11. By making and publishing these defamatory imputations the accused has committed the offence under Section 500 of the Indian Penal Code'
There is no allegation that the accused showed the letters to any other than his wife, or that he directed or allowed her to show the letters to any third person. It is plain enough from the contents of the letters that what he wrote was intended exclusively for her eyes alone. Paragraph 10 of the complaint is clear that she betrayed him when she 'placed the letters of the accused in the hands of the complainant.' When law commands that she shall not be permitted to disclose 'any communication' made to her during marriage by her husband, the complainant, her father, ought not to have received those letters and read them. I am afraid that his prying into the letters of his son-in-law to the daughter was indecent, unwarranted and unlawful in the light of Section 122, Evidence Act I am also afraid that he cannot take advantage of a wrong to which he was a party or privy and found a cause for complaint thereon. Further, there is no case in the complaint that the accused's wife showed the letters to any particular person other than the complainant. If from the hands of the complainant it got wider publicity the accused cannot be made responsible therefor. It is not disputed that a communication to be defamed himself will not be a publication within the meaning of defamation law.
15. On the second question as to whether a communication by a husband to his wife would amount to publication in law, the precedent in Wennhak v.
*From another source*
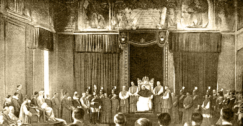 Fotografía de Campúa publicada en La Esfera y Nuevo Mundo de la audiencia del papa Pío XI a los reyes Alfonso XIII y Victoria Eugenia en el Vaticano en 1923.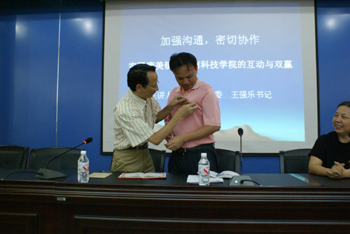 9月19日下午,我院特邀康美镇党委书记王强乐同志莅临我院为全院教师做了一场题为“加强沟通、密切协作,实现康美镇与江南官方网站的互动与双赢”的讲座。随后还举行了聘请王强乐书记为思政理论课专业顾问的聘任仪式。此次活动在图书馆学术报告厅举行.

Morgan, (1888) 20 QBD 635, appears pertinent The question there was whether the handing over of a letter with a libellous imputation by the libeller to his wife was publication Baron Huddleston, with concurrence of Manisly J., held 'that the uttering of a libel by a husband to his wife is no publication.' Though the reason for that dictum was the common law recognition of unity of spouses, I think that the same result must follow when communications between husband and wife are precluded by statute from being disclosed; for that which cannot he or is not proved in Court has to be assumed as nonexistent in the eye of law.
16. The dispute on the contents of those letters being defamatory has not been decided by either of the Courts below and is not therefore allowed to be canvassed here.
17. If the letters written by the accused to his wife cannot be proved in Court, either by herself directly or through her father in whose hands she has voluntarily placed them (as I have already held), the imputations therein fall outside the Court's cognizance. The complaint in this case must then fall. The District Magistrate was therefore right when he discharged the accused under Section 263(2) of the Code of Criminal Procedure. .
18. In the result. I accept this Revision Petition, reverse the judgment of the Sessions Judge and restore that of the District Magistrate.